Updated

Investors can find out how their buy and sell orders are executed and get information on their brokers under government rules that took effect Friday.

The Securities and Exchange Commission first proposed the rules in July 2000 out of concern that investors often don't get the best price for their stock-trading orders and often don't know what happens to their orders after they make them.

The rules require brokers to disclose how often they route their customers' stock orders to other brokers for execution. Brokerage houses also must disclose whether they have financial relationships with the trading firms to which they send the orders. The information is to be published every quarter on free Web sites.

In addition, trading firms, specialists on stock exchanges and the new electronic communications networks that trade stocks, known as ECNs, must issue monthly data on speed of order execution and other measures for each stock traded.

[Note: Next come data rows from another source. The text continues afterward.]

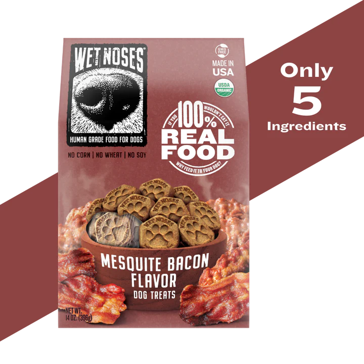 Wet Noses Human Grade Mesquite Bacon Treats offer the kind of quality you'd expect for yourself—because your dog deserves it. Made just north of Seattle, WA, these treats feature real bacon with no artificial additives, colors, or preservatives. Crafted by people who care about your dog’s health and the planet, these treats are easy to digest and packed with smoky, savory flavor. Perfect for everyday snacking or showing your dog some extra love, they deliver human-grade quality in every bite.
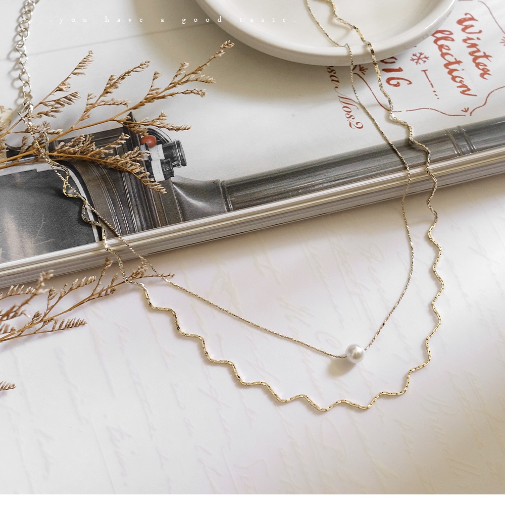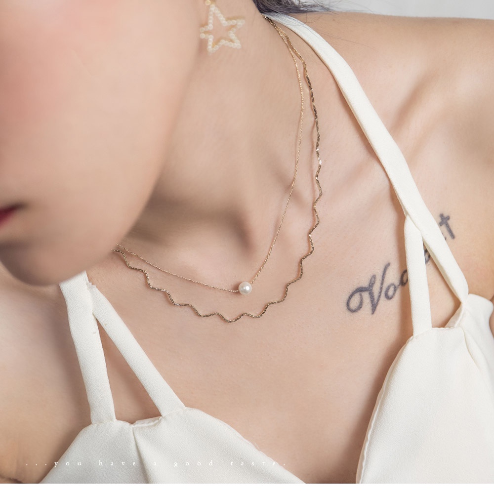 AHUA阿華有事嗎 韓國飾品 優雅曲線珍珠雙層短項鍊【A0259】正韓 短鍊 頸鍊 氣質 韓妞必備 百搭 基本款 項鍊
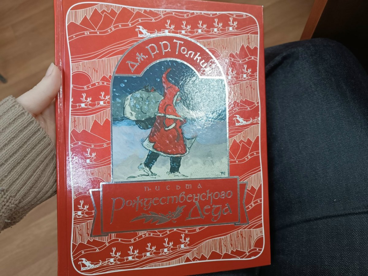 Темой встречи стало обсуждение новогодних и рождественских историй – каждый подобрал то, что пришлось ему по душе, и поделился этим с остальными. Одна из читательниц принесла книгу, ставшую традиционной для ее семьи в новогодние праздники. «Письма Рождественского деда» – сборник сказочных писем, написанный Дж.Р.Р. Толкиным для своих детей. Это добрая, пропитанная праздничным настроением, книга. Письма дополнены уютными иллюстрациями, созданными самим автором.
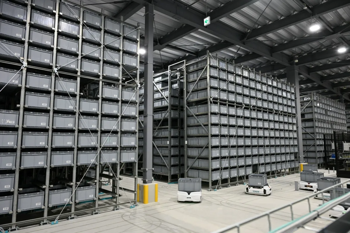 「Skypod」は、最大26台の搬送ロボットによって構成されており、それぞれが前後・左右・上下に移動できる能力を持っています。この高密度なラックに商品は2アイテムずつコンテナに入れられて格納され、すべての格納作業はロボットが担います。これにより、無駄のないスペースで最大5,670コンテナとおよそ12,000アイテムの保存が可能になります。
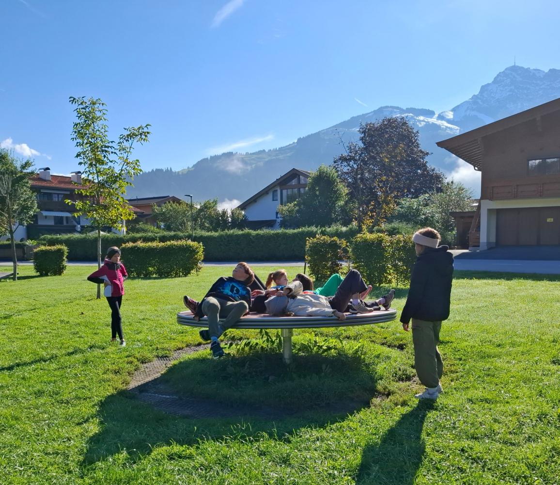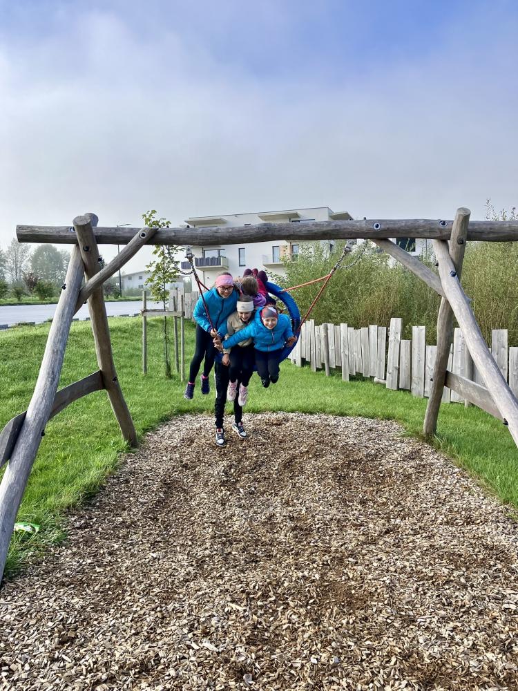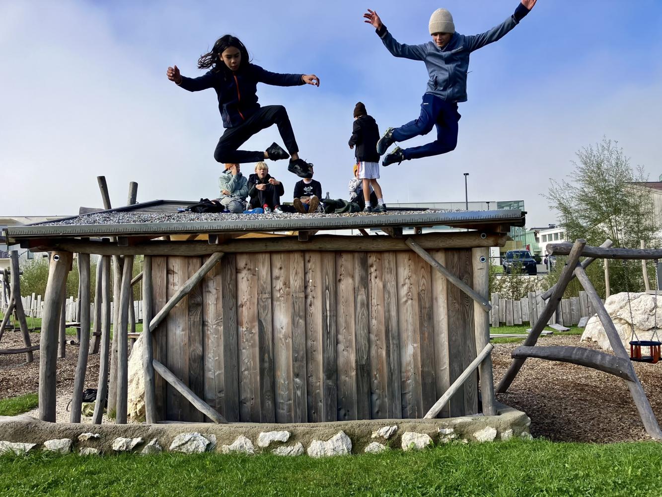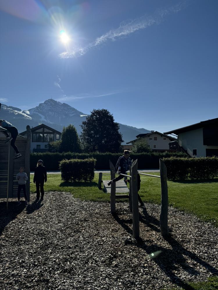 Im dichten Nebel starteten wir die 3d los und spazierten entlang der Ache Richtung Kirchdorf. Dort angekommen, machten wir bei der Volksschule Rast, um uns für den Spielplatz zu stärken. Nach einer sehr netten Begegnung mit der Volksschullehrerin von einigen von uns, tobten wir uns an der kleinen aber feinen Einrichtung aus. Es stellte sich heraus, dass man dort nicht nur viel Spaß haben sondern auch einige Mutproben bestehen kann. Bei herrlichem Sonnenschein und angenehmen Temperaturen gingen wir wieder zurück und beendeten gut gelaunt diesen Vormittag.
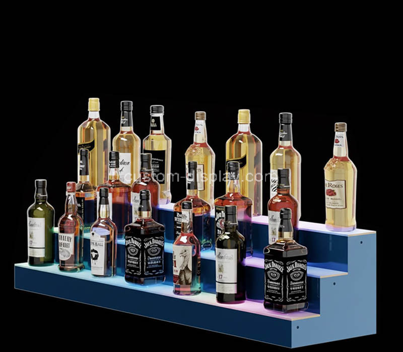 Custom acrylic 3-tier LED liquor bottles display shelf in blue and translucent white, designed to elegantly showcase spirits. Built-in LED lights highlight each bottle, perfect for bars, restaurants, or home use. Durable, stylish, and customizable with logos or colors for a modern display.
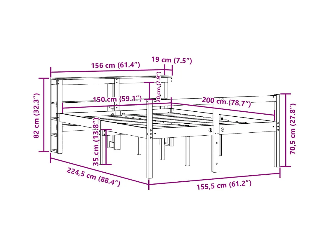Bedframe zonder matras massief grenenhout 150x200 cm

Change has swept the securities markets in recent years, as millions of new investors and increasing competition from the ECNs put pressure on the nation's two biggest exchanges, the Nasdaq Stock Market and the New York Stock Exchange.

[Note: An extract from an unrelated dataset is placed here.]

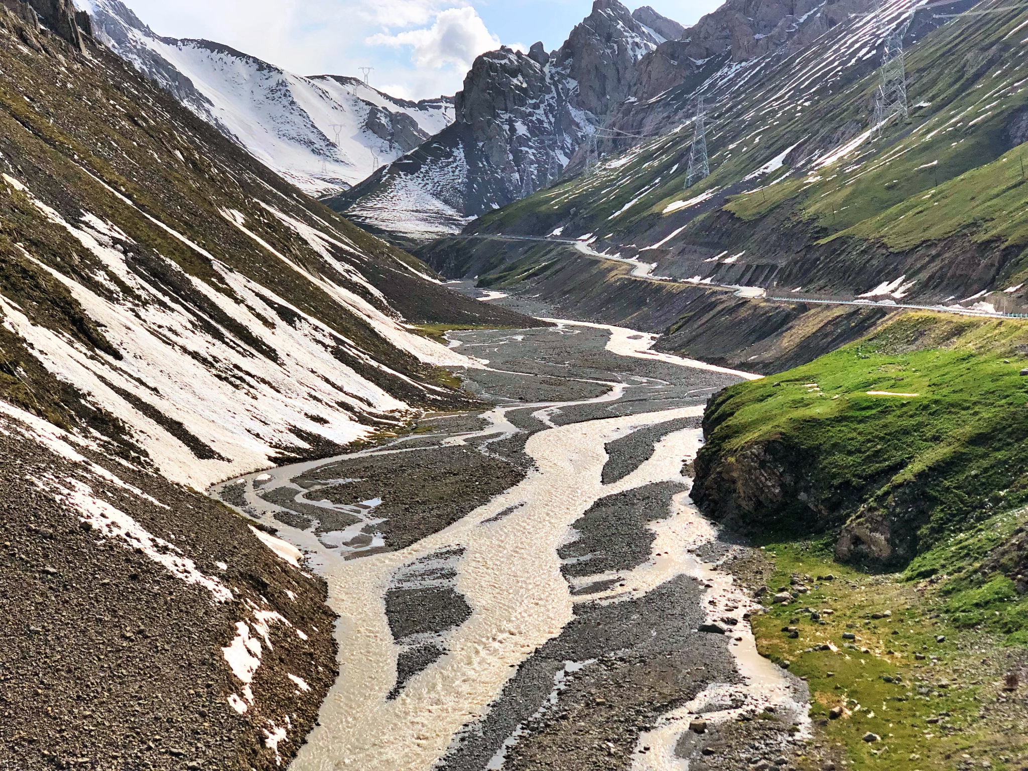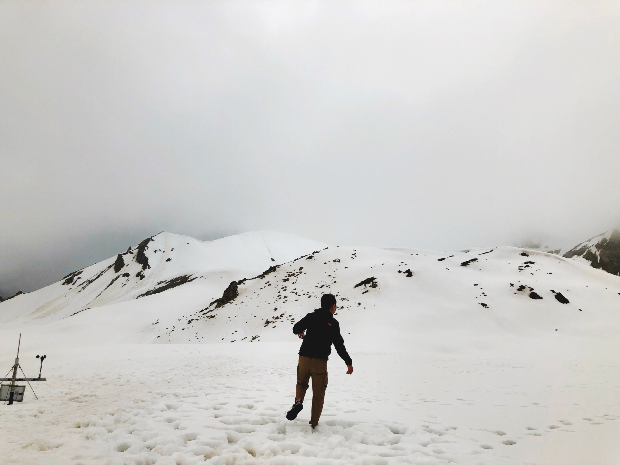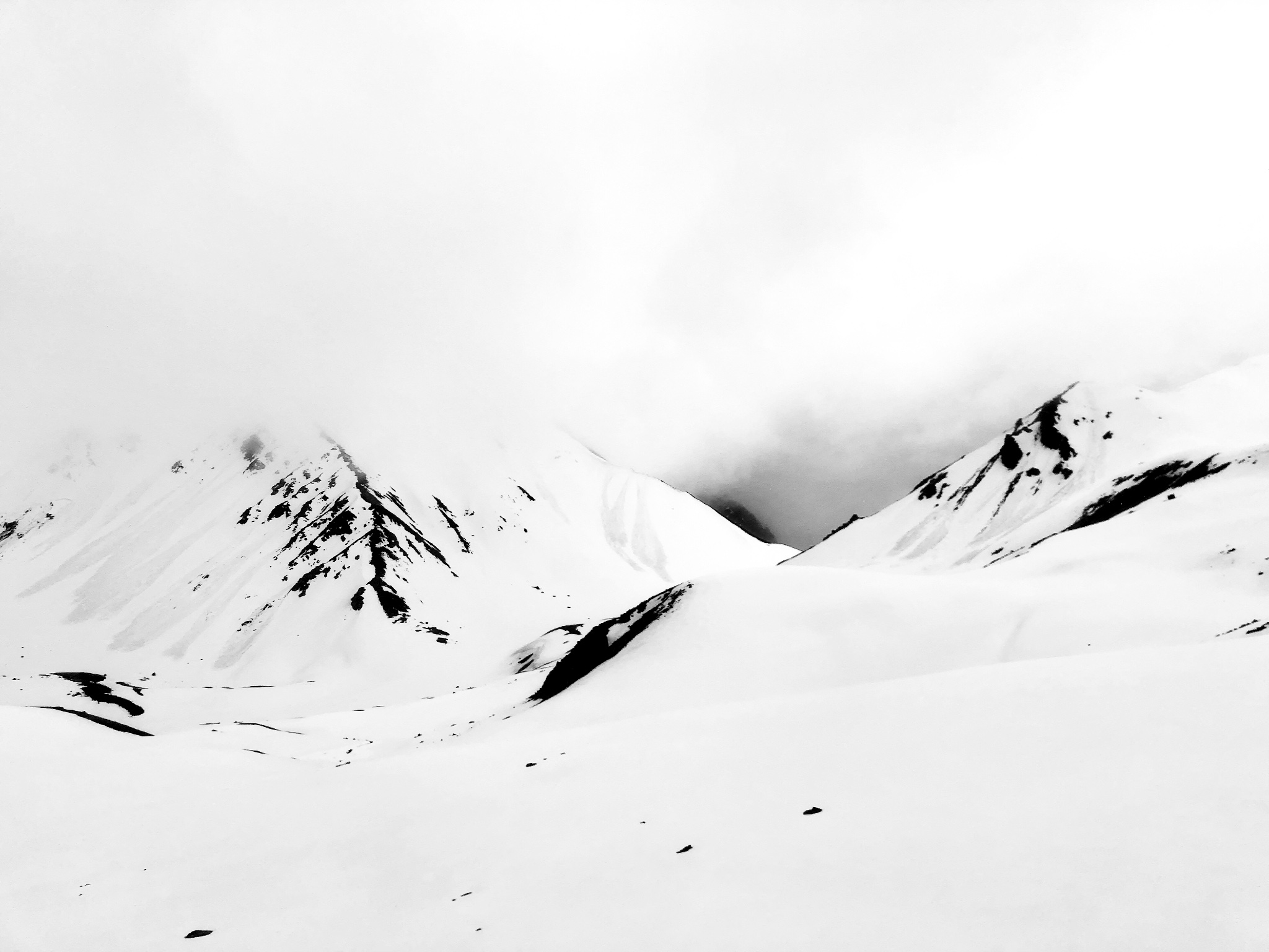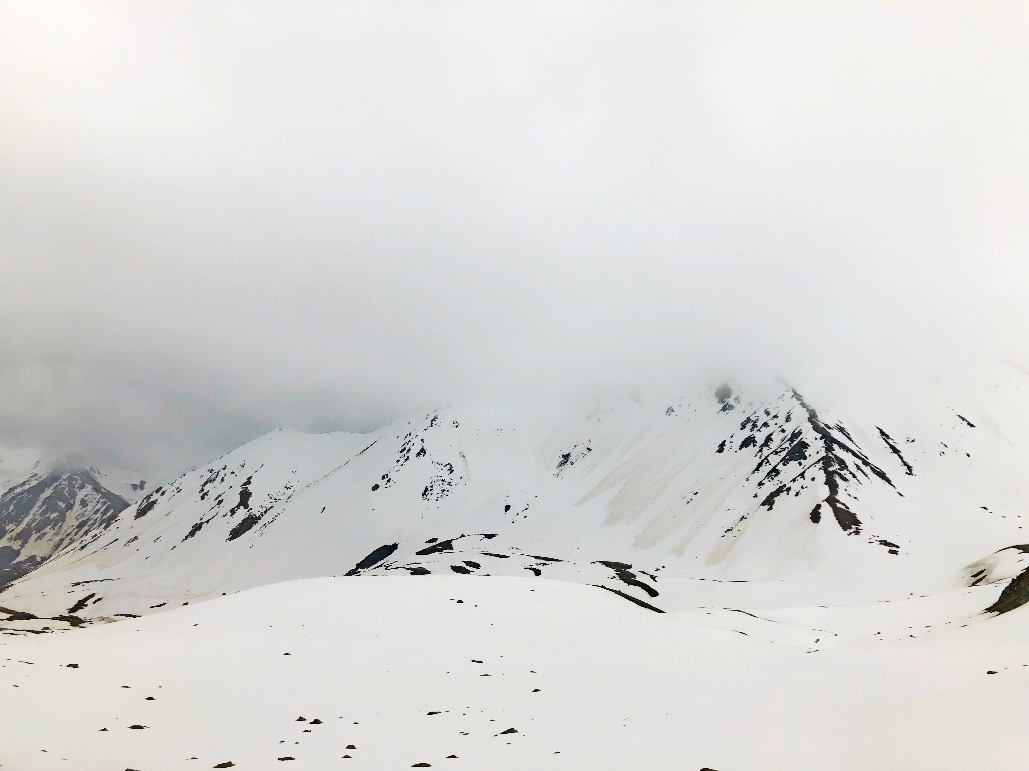 第二天出发后天气不太好,雾气笼罩下的山路,景色打了折扣,车子也要开得小心翼翼。同时不得不承认,在被各种艳丽的色彩狂轰滥炸之后,我们也有些意兴阑珊了。相对沉闷的气氛在车子开上哈希勒根达坂后消失殆尽,在这里我们终于可以亲临雪山,在雪地里面撒欢了!也终于补齐了 独库公路 上一年四季中的“冬”这块版图。

Securities regulators, including former SEC chairman Arthur Levitt, have expressed concern that the sprouting of competing markets that don't share price information with each other could prevent investors from getting the best price on their orders.

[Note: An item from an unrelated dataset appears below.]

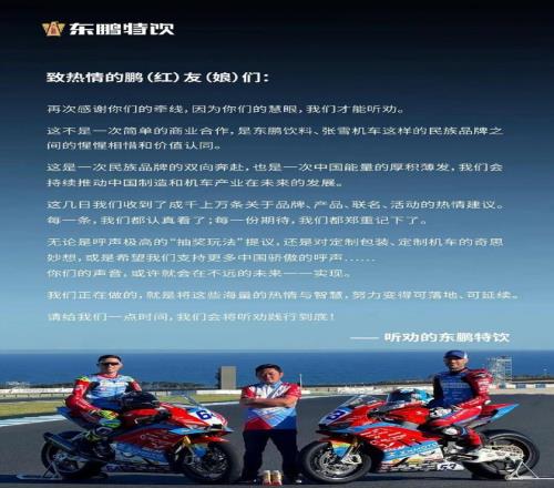 去年11月,张雪公开招募赞助商,却几乎无人问津。评论区里,网友纷纷点名东鹏特饮。东鹏特饮快速反应,两个月后正式签约,成为张雪机车唯一一家饮料赞助方。

Regulators have warned that the nation's stock markets will lose their competitive edge to foreign markets if investors lose confidence in the ability to get their trades completed at the best prices, commonly known as best execution.

The SEC found in July 2000 that about 85 percent of market orders executed on the all-electronic Nasdaq were routed to brokers that were not quoting the best price.

Market orders are executed without regard to price. In volatile markets, execution may be at a price that is very different from the current quoted price of the stock. Limit orders, by contrast, are executed only at a price specified by the investor or better. Roughly 40 percent of orders on the Nasdaq were market orders in July 2000.